◆ **TO DO**
Leaving out all pictures, return the records word for word.

◆ **DATASET CONTENT**
-------------------------
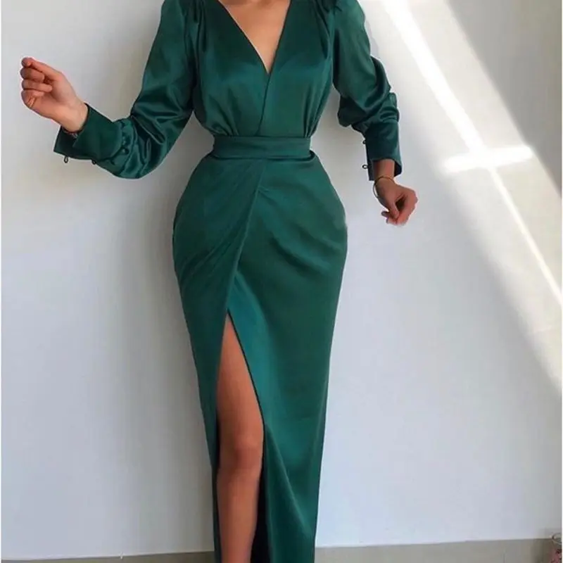 Женское вечернее платье с длинным рукавом, темно-зеленое атласное платье с разрезом и юбкой-годе, платье для выпускного вечера, платье для официальной вечеринки в арабском Дубае, 2021
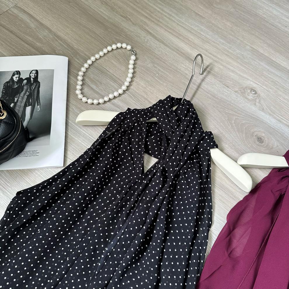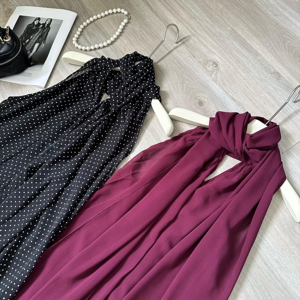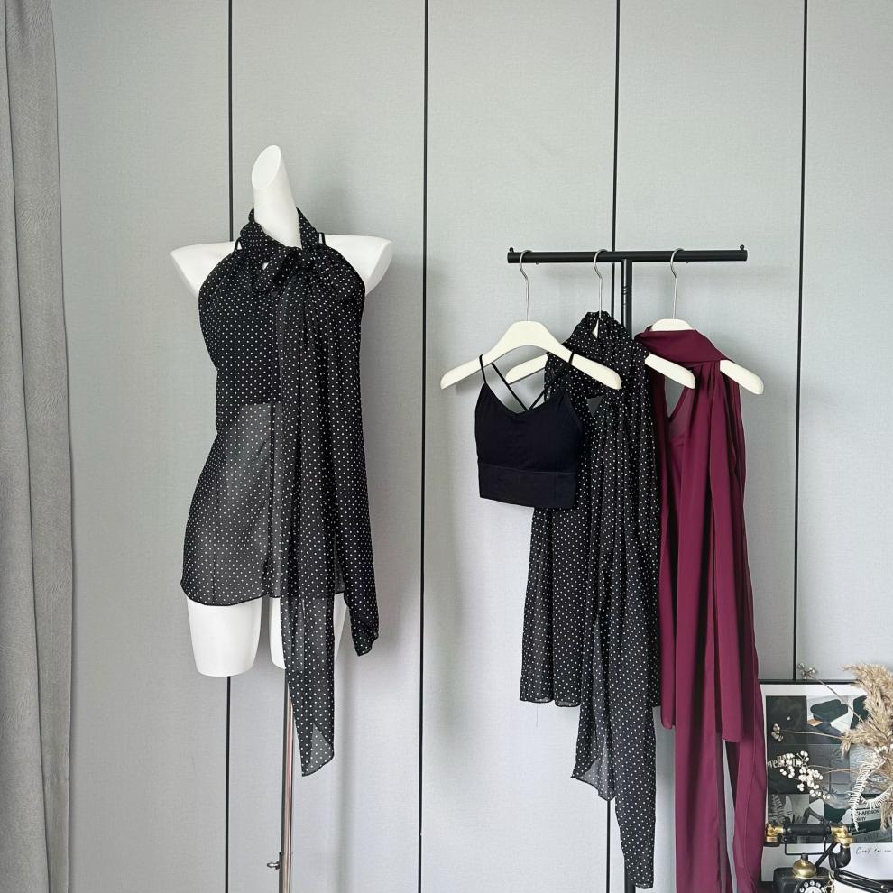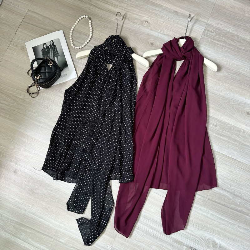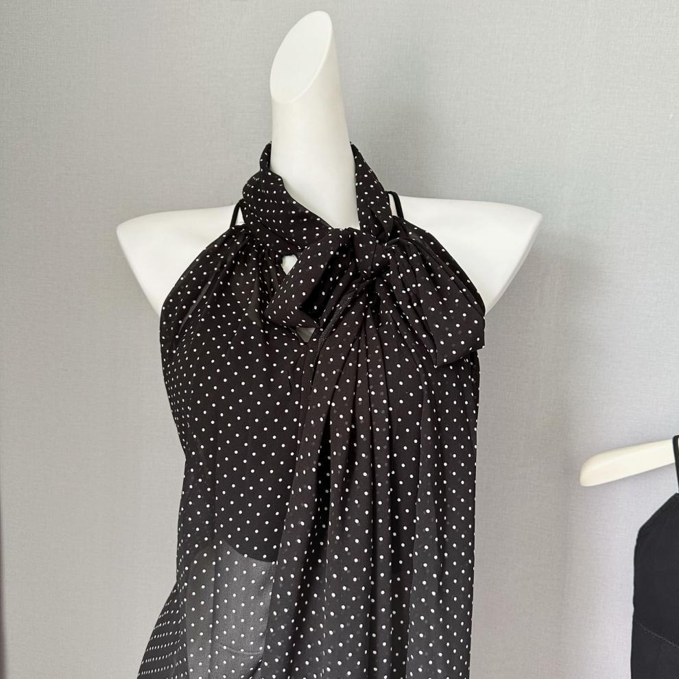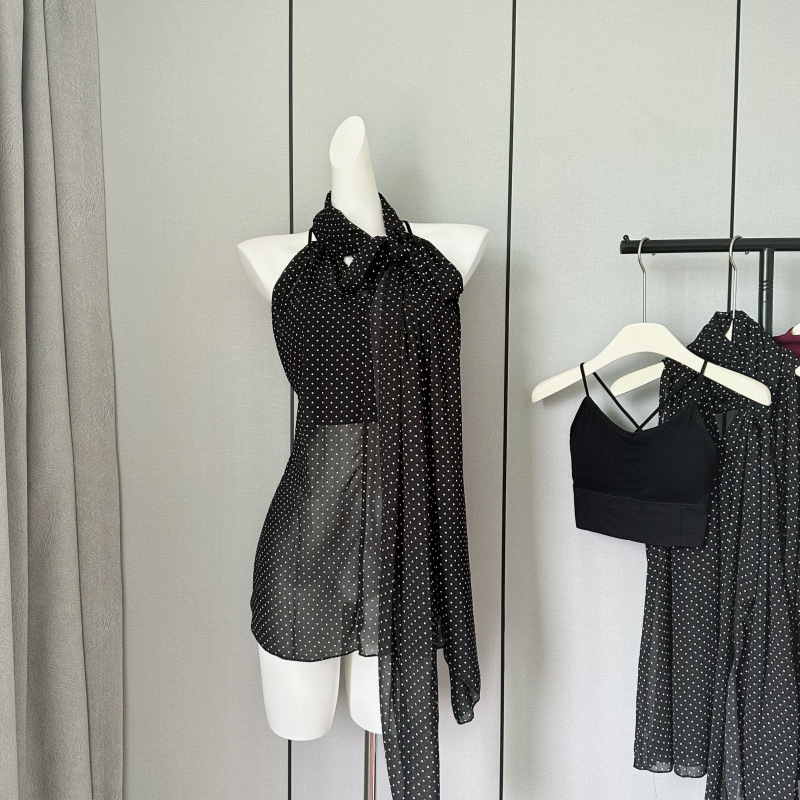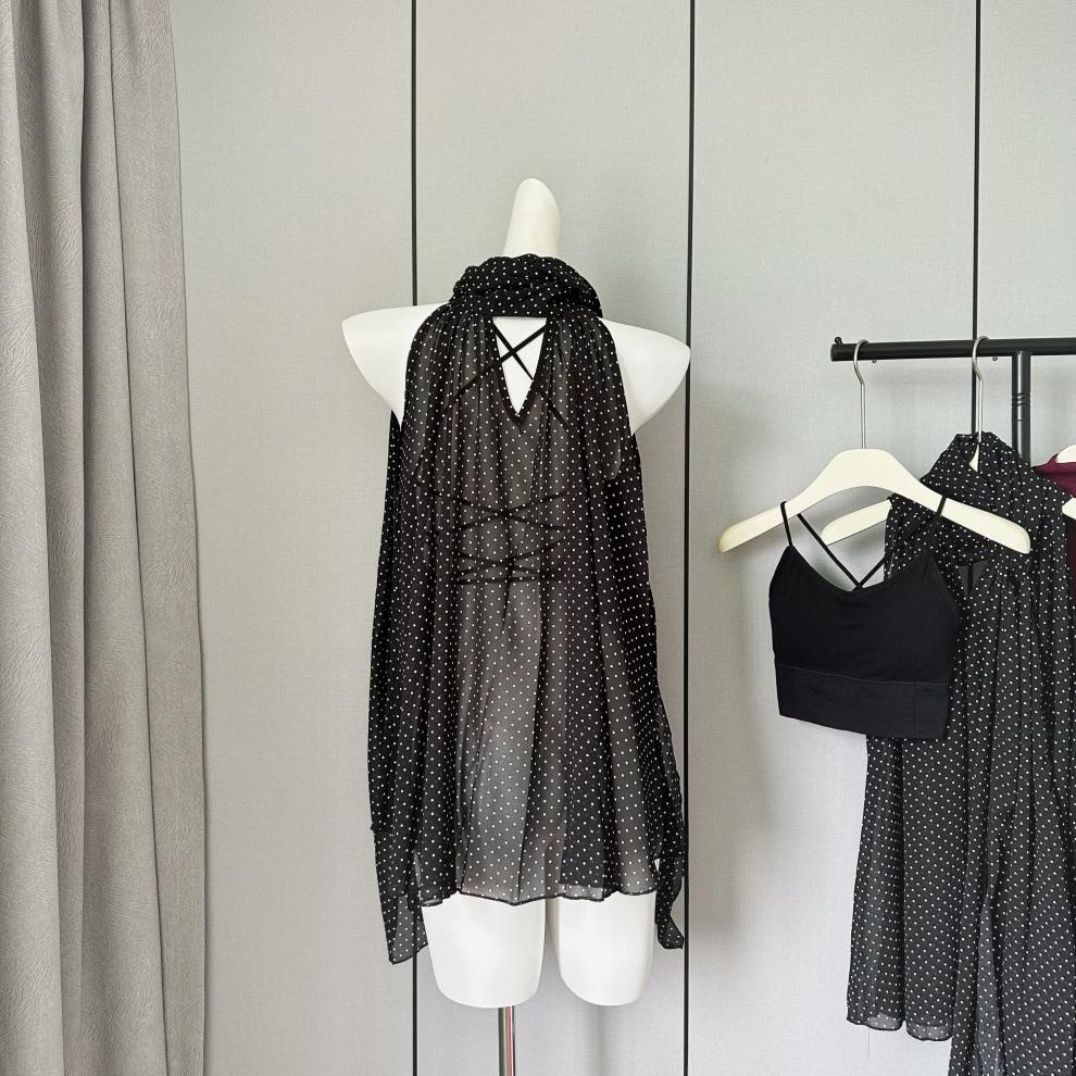 보라색 민소매 리본 쉬폰 커버 시스루 탑 여성
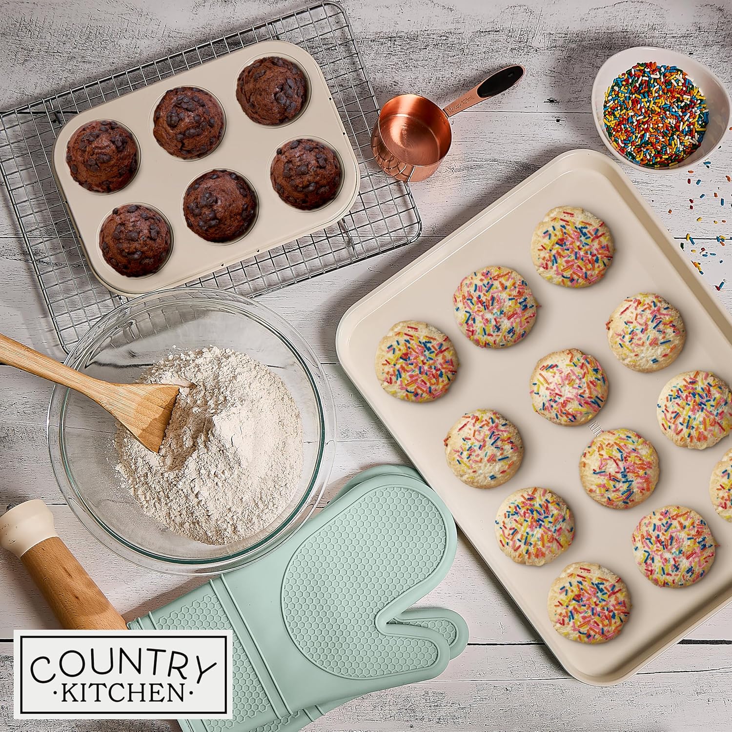 Country Kitchen Nonstick Stackable Bakeware Set - Deluxe Heavy Duty, Durable, Easy Release Baking Set, Sage, 13 Pcs with Handles
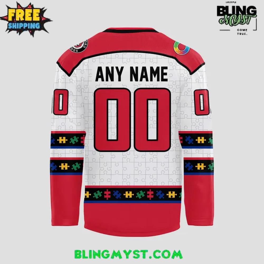 Design details add rhythm and individuality. The colorful puzzle-piece banding across the midsection and sleeves creates a strong graphic stripe effect, echoing traditional hockey striping while signaling the awareness theme. The back customizationβANY NAME with bold 00 numeralsβadds a personal, collectible finish, making it feel fan-specific rather than generic. High-contrast typography keeps it arena-legible, while patches and trim reinforce official jersey credibility. Overall, itβs a piece that combines team pride, purpose, and wearable sport-core style in one confident design.
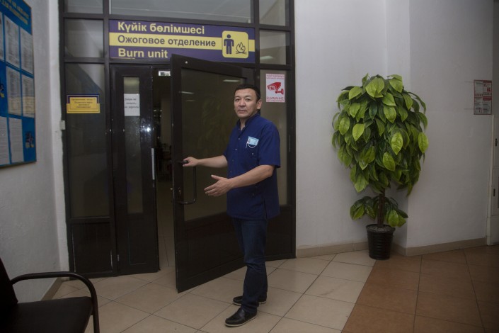 Мы встречаемся в середине июня 2019 года. Я как журналист пришла на встречу с ним, чтобы сделать для Tengrinews.kz материал о врачах: День медика отгремел пару недель назад, но я считаю, что о каждодневном героизме врачей можно и нужно вспоминать больше одного раза в год. Нуржан Омарович - уже не рядовой врач, он заведует тем самым отделением в алматинской ГКБ № 4 с 2014 года, а два года назад принял пост главного внештатного комбустиолога Алматы. По его словам, в год в приемный покой клиники с ожогами обращаются более 1500 пациентов, а через ожоговое отделение проходят 350 пациентов.
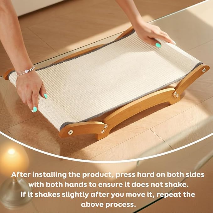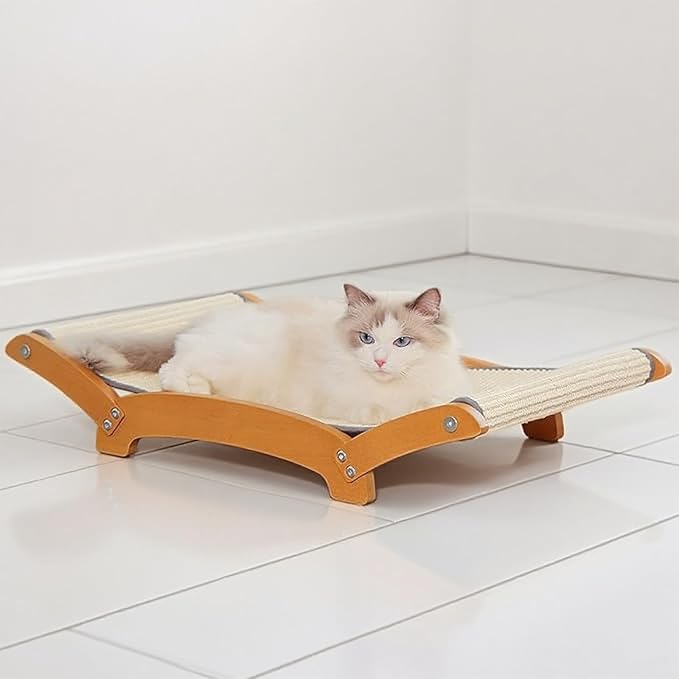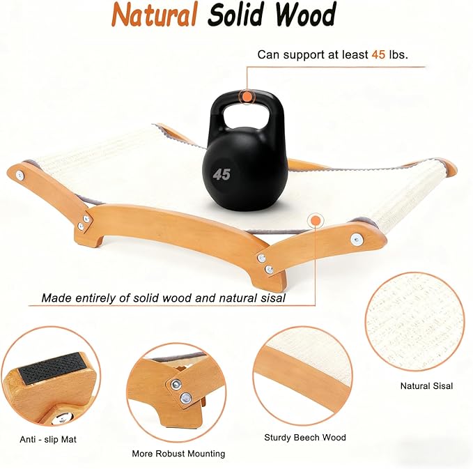 - 【 Built to Last Durable & Sturdy Cat Scratch Pad with Hammock 】:Crafted from premium beech wood coated with wood wax oil and 100% eco-friendly natural sisal, this cat lounger scratcher resists shredding and lasts longer than flimsy cardboard alternatives. Sturdy cat scratch pad with hammock for indoor cats lounger, sleep, scratch functions as a relaxing hammock and a durable scratching surface. After playtime, cats can curl up on the sturdy surface for a comfortable nap.
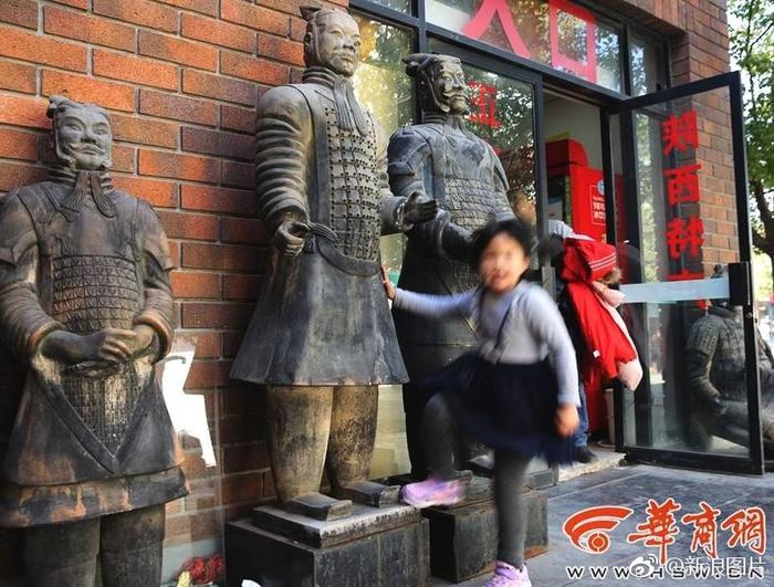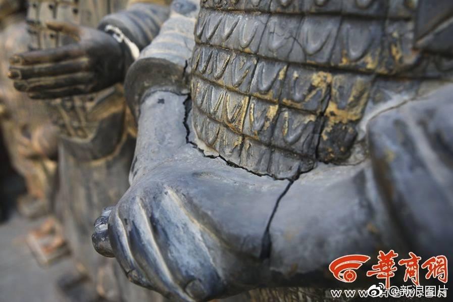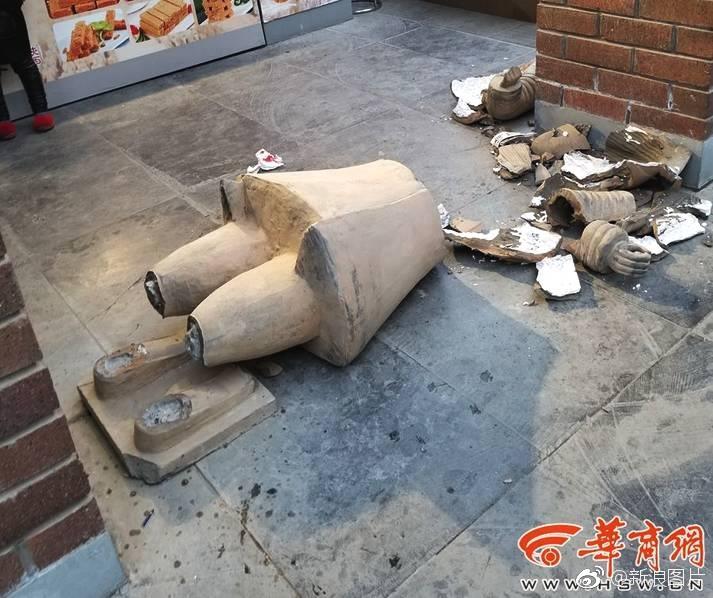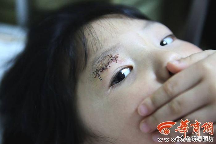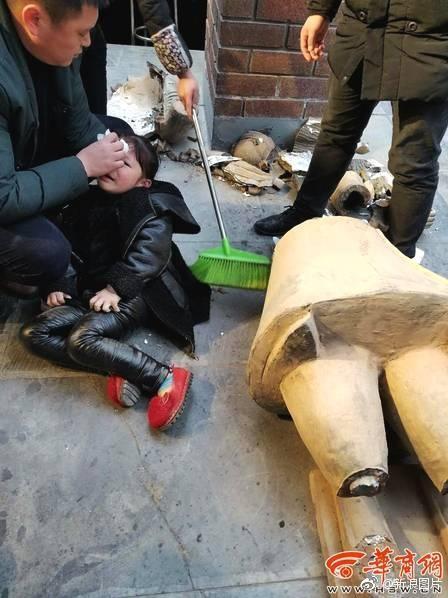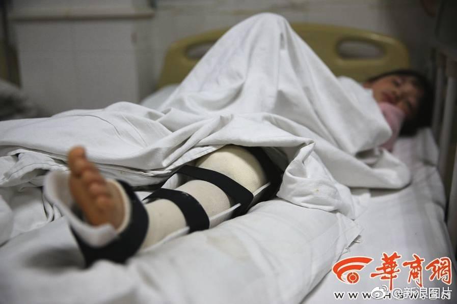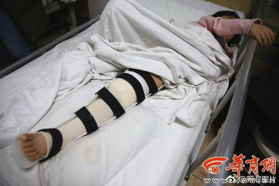 小女孩萱萱的左腿装着支架,固定了起来,膝盖明显隆起,右眼上方缝了八针。医生说,萱萱右眼外伤,左股骨干骨折,至少一个月后才能取掉支架,三个多月才能下地,之后还要及时复查。原来在18日,一家四口观看了兵马俑后来到商业街一家玉器店,萱萱被兵马俑砸伤。
-------------------------
◆ **EXPECTED ANSWER**
 Женское вечернее платье с длинным рукавом, темно-зеленое атласное платье с разрезом и юбкой-годе, платье для выпускного вечера, платье для официальной вечеринки в арабском Дубае, 2021
 보라색 민소매 리본 쉬폰 커버 시스루 탑 여성
 Country Kitchen Nonstick Stackable Bakeware Set - Deluxe Heavy Duty, Durable, Easy Release Baking Set, Sage, 13 Pcs with Handles
 Design details add rhythm and individuality. The colorful puzzle-piece banding across the midsection and sleeves creates a strong graphic stripe effect, echoing traditional hockey striping while signaling the awareness theme. The back customizationβANY NAME with bold 00 numeralsβadds a personal, collectible finish, making it feel fan-specific rather than generic. High-contrast typography keeps it arena-legible, while patches and trim reinforce official jersey credibility. Overall, itβs a piece that combines team pride, purpose, and wearable sport-core style in one confident design.
 Мы встречаемся в середине июня 2019 года. Я как журналист пришла на встречу с ним, чтобы сделать для Tengrinews.kz материал о врачах: День медика отгремел пару недель назад, но я считаю, что о каждодневном героизме врачей можно и нужно вспоминать больше одного раза в год. Нуржан Омарович - уже не рядовой врач, он заведует тем самым отделением в алматинской ГКБ № 4 с 2014 года, а два года назад принял пост главного внештатного комбустиолога Алматы. По его словам, в год в приемный покой клиники с ожогами обращаются более 1500 пациентов, а через ожоговое отделение проходят 350 пациентов.
 - 【 Built to Last Durable & Sturdy Cat Scratch Pad with Hammock 】:Crafted from premium beech wood coated with wood wax oil and 100% eco-friendly natural sisal, this cat lounger scratcher resists shredding and lasts longer than flimsy cardboard alternatives. Sturdy cat scratch pad with hammock for indoor cats lounger, sleep, scratch functions as a relaxing hammock and a durable scratching surface. After playtime, cats can curl up on the sturdy surface for a comfortable nap.
 小女孩萱萱的左腿装着支架,固定了起来,膝盖明显隆起,右眼上方缝了八针。医生说,萱萱右眼外伤,左股骨干骨折,至少一个月后才能取掉支架,三个多月才能下地,之后还要及时复查。原来在18日,一家四口观看了兵马俑后来到商业街一家玉器店,萱萱被兵马俑砸伤。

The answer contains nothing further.